In some embodiments, the communication system 210 is a wireless
communication system, such as, an avionic radio system including
one or more of a very high frequency (VHF), ultra high frequency
(UHF), satellite communication, data radios, and/or other
communications systems. In some embodiments, the communication
system 210 includes a squitter radio system 211 for use with TCAS
and ADS systems (e.g., broadcast (ADS-B) or re-broadcast (ADS-R)).
In some embodiments, the squitter radio system 211 is a mode S
transponder configured as described herein. The squitter radio
system 211 (e.g., an ADS-B IN transponder) is configured to receive
extended squitter messages that provide position, velocity, status,
and identifier information broadcast from aircraft in the vicinity.

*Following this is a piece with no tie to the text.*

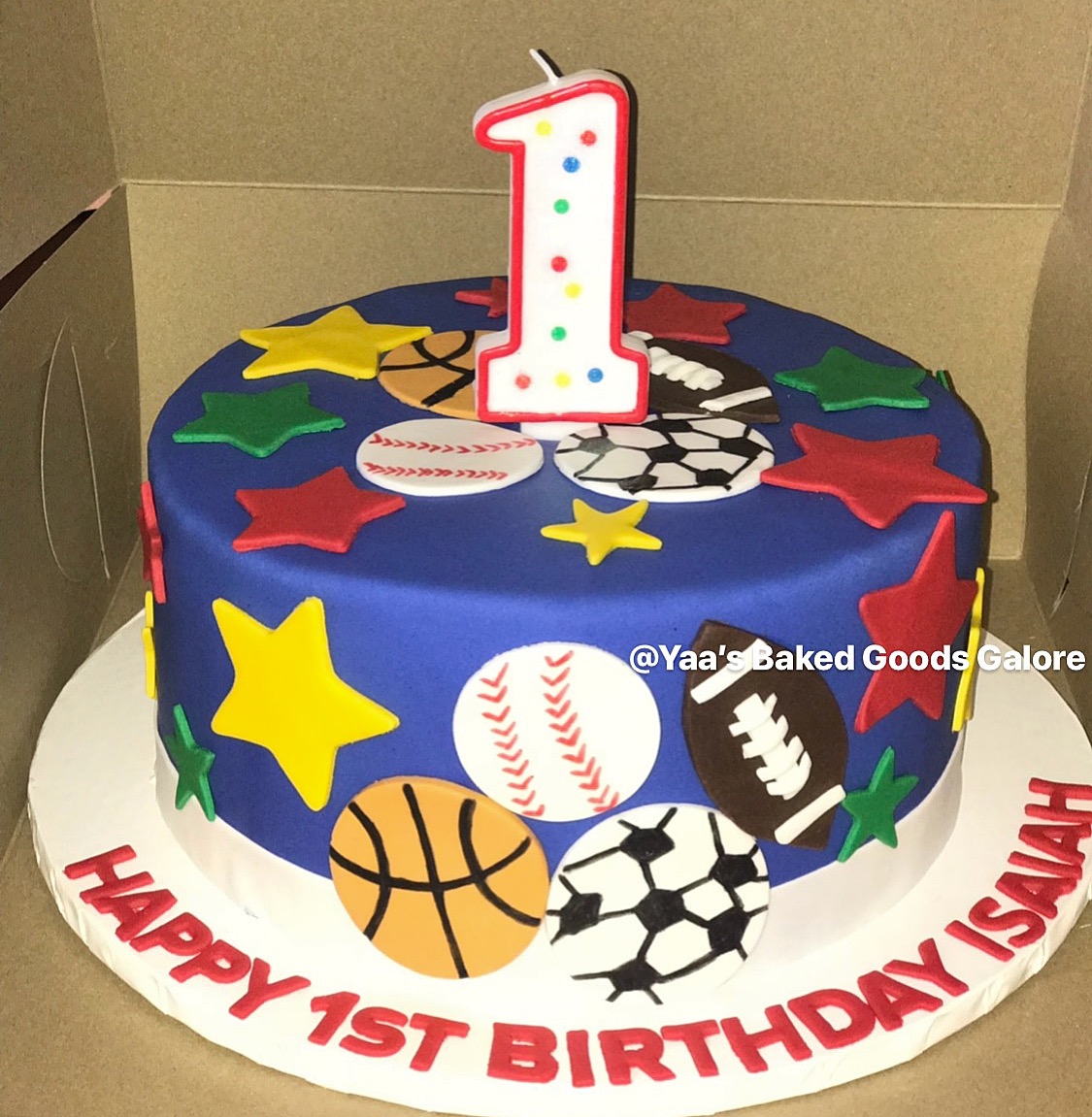 10″ Vanilla custom 1st birthday sports cake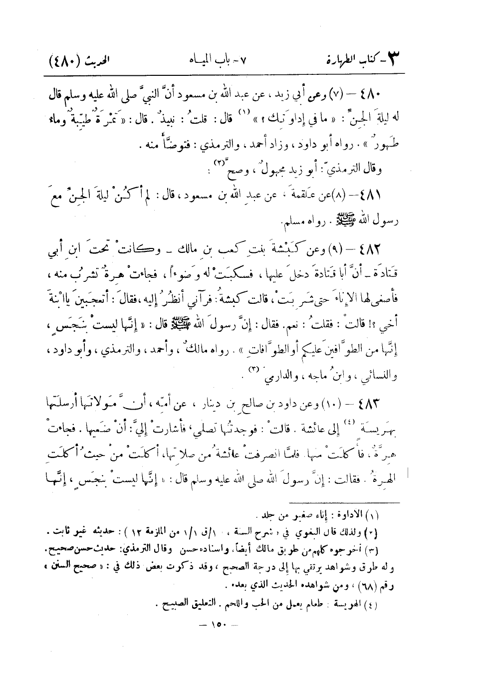 وَعَن كَبْشَة بنت كَعْب بن مَالك وَكَانَتْ تَحْتَ ابْنِ أَبِي قَتَادَةَ: أَنَّ أَبَا قَتَادَة دخل فَسَكَبَتْ لَهُ وَضُوءًا فَجَاءَتْ هِرَّةٌ تَشْرَبُ مِنْهُ فَأَصْغَى لَهَا الْإِنَاءَ حَتَّى شَرِبَتْ قَالَتْ كَبْشَةُ فَرَآنِي أَنْظُرُ إِلَيْهِ فَقَالَ أَتَعْجَبِينَ يَا ابْنَةَ أخي فَقُلْتُ نَعَمْ فَقَالَ إِنَّ رَسُولَ اللَّهِ صَلَّى اللَّهُ عَلَيْهِ وَسَلَّمَ قَالَ: «إِنَّهَا لَيست بِنَجس إِنَّهَا من الطوافين عَلَيْكُم والطوافات» . رَوَاهُ مَالِكٌ وَأَحْمَدُ وَالتِّرْمِذِيُّ

The extended squitter message can be sent using transponders
(including, for example, ADS-B OUT, Mode S, Universal Access
Transceiver (UAT), and VHF Data Link (VDL) mode 4) and provide
transmissions at regular intervals.
The extended squitter message is a radio frequency (RF) signal that
is periodically generated by the radio-based transponder and
broadcast for reception by both ground and aircraft systems that
want to monitor and track the emitting aircraft's state. The
extended squitter message is received from external systems 214
such as transponders on other aircraft or equipment. In some
embodiments, the external systems 214 are other radio units such as
UHF, VHF, and satellite communication voice and data radios. In
some embodiments, the extended squitter message includes aircraft
position, direction of flight, airborne velocity, vertical
climb/descent, and other information provided by a global
positioning system (GPS) navigation system onboard the aircraft in
the vicinity.
The processing circuit 202 is a computing platform, such as an
aviation computing resource (e.g., a traffic computer, surveillance
system, integrated avionics module, or common computer module), a
general purpose processor, an electronic flight bag, or a portable
device. The processing circuit 202 is configured by software stored
on a non-transitory medium to provide the operations described
herein. In some embodiments, processing circuit 202 advantageously
receives information from a variety of sources including the
sensors 206, the terrain database 204, the UI elements 104, and the
squitter radio system 211 to provide information to the flight
displays 102 and the FDR 208 and for communications via the
communication system 210.
In some embodiments, the processing circuit 202 is configured by a
software module to receive messages from one or more aircraft in
the vicinity. The processing circuit 202 is onboard the aircraft
212 and processes the information in each message to determine that
an aircraft is flying too close to water or terrain or is on an
improper path toward the ground in some embodiments. In some
embodiments, the processing circuit 202 is configured to process an
ADS-B IN extended squitter message received from different
aircrafts in local airspace and use the information from the
message in conjunction with terrain database 204 to detect
suspicious/abnormal behavior of aircraft in the vicinity and inform
the pilot of the aircraft 212 to intervene. The detection is made
in real time or almost real time (e.g., in several seconds). The
processing circuit 202 can also use information from the sensors
206 and other information received from the communication system
210 in some embodiments.
In some embodiments, the processing circuit 202 uses barometric
altitude, aircraft position, direction of flight, airborne
velocity, and vertical climb/descent from the extended squitter
message and compares a flight path derived therefrom to terrain
data in the terrain database 204, which is onboard the aircraft 212
in some embodiments. Terrain avoidance warning system (TAWS)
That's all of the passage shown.